The “7 year cycle” is based on the theory that your body actually sheds a layer of skin every 7 years. Though science argues that everybody’s rate of change is different, many cultures and mystical theories attribute a magical force relating to the number 7. It is thought to be a year of reflection and stillness, but also a year of deep insight and emotions. Though I am not in this 7th year, I feel as if this process has begun to unfold. It is like my body is preparing itself to shed. This ephianey came to me in a dream that I later contemplated over my ritual morning coffee. I saw myself so clearly being transformed. In this image I remember thinking numerous things about growth, but the one that registered strongly was the idea of shedding skin. I was standing naked in the middle of space with my hands at my heart. They preceded to remove my skin like a thick winter coat. As it was being removed, a powerful white light engulfed me. I can relate it to the Little Mermaid when Ariel is transformed into a human. A powerful moment that physically and emotionally alters you into a new person, a new state of being.

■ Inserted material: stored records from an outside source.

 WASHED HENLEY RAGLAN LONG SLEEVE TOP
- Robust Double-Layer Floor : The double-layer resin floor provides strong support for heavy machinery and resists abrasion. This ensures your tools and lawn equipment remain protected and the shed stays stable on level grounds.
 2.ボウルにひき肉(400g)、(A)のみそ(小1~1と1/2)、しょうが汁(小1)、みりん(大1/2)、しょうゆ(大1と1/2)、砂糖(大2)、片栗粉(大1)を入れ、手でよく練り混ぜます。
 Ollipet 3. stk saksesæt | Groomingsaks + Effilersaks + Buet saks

It is this transformation that I was met with understanding. It was as if someone was saying “be patient, trust and try to comprehend that it is long and painful road. You may feel stuck at the bottom of a well, but you will survive it. You will figure out how to climb out.”
As all this mental insight was bombarding my brain I was also unfortunate to fall victim of Amoebas. (a parasite that if you want to know more about you can click here: http://www.parasitecleanse.com/amoeba.htm). I didn’t eat or move for three days and spent most of my time sprawled out on the floor of my hut praying for the polar forces to shift and make Senegal’s heat disappear. I did manage to have energy to read Andre Agassi’s biography “Open”. I felt myself relating to his journey with tennis to my journey of life. There were a few quotes that moved me, the follwoing being one of them:
“Life is a tennis match between polar opposites. Winning and losing, love and hate, open and closed. It helps to recognize that painful fact early. Then recognize the polar opposites within yourself, and if you can’t embrace them, or reconcile them, at least accept them and move on. The only thing you can not do is ignore them.”

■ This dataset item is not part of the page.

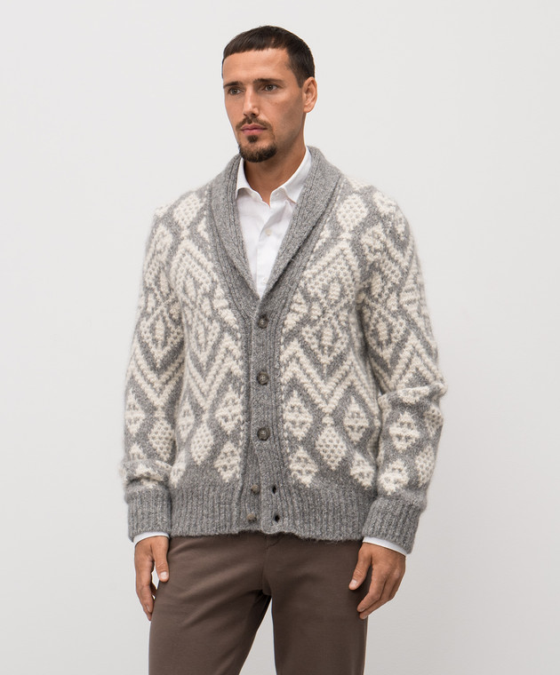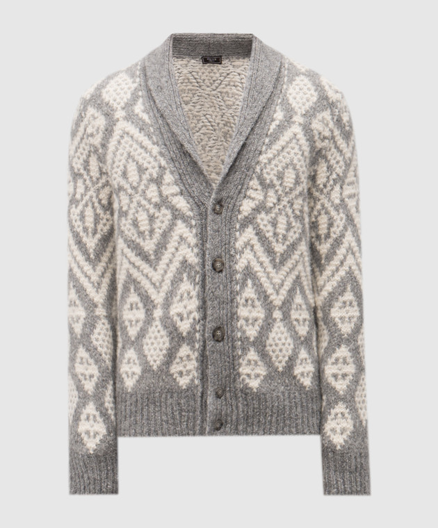 Білий кардиган з вовною альпаки у візерунок

That word “ignore” struck a cord with me. The way he wrote it made me question whether ignoring this pendulum of life is an option. I don’t think we can ignore it entirely but we do have the decision to dive into it or not. We also have the capacitiy to be aware of the shifts within our body. We have the ability to embrace the pain and pick out the thorns as much as we have the ability to prevent ourselves from feeling it at all. Distractions are a good vice for escaping and I find that, in my current situation, all my vices have been removed. Senegal has made it more difficult to ignore the rawness of life. This theme is being woven into my soul and it is something that comes up frequently in my journal entries, emails, and blogs.
As Andre put is:
“It’s inexplicable, mystical, these twin forces, these contradictory energies, but they both exisit, I know because I have spent much of my life seeking the one, fighting the other, and sometimes I’ve been stuck, suspended, bounced like a tennis ball between the two.”

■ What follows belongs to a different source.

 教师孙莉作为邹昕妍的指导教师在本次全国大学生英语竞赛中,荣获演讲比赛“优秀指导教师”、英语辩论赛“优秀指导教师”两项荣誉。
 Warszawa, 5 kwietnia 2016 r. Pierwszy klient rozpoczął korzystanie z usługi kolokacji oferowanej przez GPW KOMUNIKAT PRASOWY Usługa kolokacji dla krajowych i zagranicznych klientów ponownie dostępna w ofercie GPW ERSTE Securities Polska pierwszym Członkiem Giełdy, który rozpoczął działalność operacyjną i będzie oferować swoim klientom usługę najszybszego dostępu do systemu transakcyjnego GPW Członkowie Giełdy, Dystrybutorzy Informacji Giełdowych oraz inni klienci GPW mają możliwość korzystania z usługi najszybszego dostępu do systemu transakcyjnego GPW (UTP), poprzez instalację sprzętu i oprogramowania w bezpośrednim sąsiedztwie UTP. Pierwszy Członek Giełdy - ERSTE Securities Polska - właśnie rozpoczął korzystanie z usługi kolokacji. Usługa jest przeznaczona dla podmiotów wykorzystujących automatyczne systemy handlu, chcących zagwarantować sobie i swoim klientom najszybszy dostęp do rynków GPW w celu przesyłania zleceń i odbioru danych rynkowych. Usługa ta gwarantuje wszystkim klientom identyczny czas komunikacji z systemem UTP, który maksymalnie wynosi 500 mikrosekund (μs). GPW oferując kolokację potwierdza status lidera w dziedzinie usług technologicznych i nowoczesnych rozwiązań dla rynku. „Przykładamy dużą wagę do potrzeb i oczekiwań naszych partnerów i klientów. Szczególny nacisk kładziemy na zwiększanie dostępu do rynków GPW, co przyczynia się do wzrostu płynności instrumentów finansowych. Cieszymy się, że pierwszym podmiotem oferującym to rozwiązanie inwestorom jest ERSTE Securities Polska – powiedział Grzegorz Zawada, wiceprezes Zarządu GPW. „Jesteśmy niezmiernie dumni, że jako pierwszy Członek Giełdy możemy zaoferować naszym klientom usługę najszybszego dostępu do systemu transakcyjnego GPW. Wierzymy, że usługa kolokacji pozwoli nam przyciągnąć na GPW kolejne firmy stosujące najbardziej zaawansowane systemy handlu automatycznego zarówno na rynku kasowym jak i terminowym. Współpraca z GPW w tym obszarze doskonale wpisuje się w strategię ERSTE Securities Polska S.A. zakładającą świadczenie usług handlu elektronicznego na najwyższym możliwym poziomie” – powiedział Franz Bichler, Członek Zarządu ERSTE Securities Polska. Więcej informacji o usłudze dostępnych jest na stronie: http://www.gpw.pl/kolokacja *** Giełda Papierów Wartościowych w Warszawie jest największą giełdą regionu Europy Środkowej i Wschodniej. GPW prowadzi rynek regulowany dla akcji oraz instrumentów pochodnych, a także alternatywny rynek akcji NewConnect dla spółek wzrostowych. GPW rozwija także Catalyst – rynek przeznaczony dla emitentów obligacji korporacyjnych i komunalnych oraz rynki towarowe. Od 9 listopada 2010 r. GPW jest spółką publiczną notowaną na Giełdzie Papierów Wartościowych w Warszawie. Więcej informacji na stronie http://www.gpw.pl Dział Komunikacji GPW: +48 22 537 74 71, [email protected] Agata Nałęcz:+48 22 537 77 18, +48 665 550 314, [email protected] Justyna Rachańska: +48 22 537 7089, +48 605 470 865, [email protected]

I would like to conclude with acknowledging the process within you. I don’t think you have to travel around the world to face these types of challenges. You can be anywhere in any type of situation and feel the need to grieve. Grieve for that layer of skin you are loosing and bathe in the pain that the sorrow brings. I think we as humans need to do a better job at accepting this process within ourselves and within others. If we are more honest in our challenges then the possibility to relate on a deeper demension of life becomes achievable. Maybe then we can heal ourselves in this crazy world, together.
P/S Next blog will be about Senegelese food, the market and all that good stuff!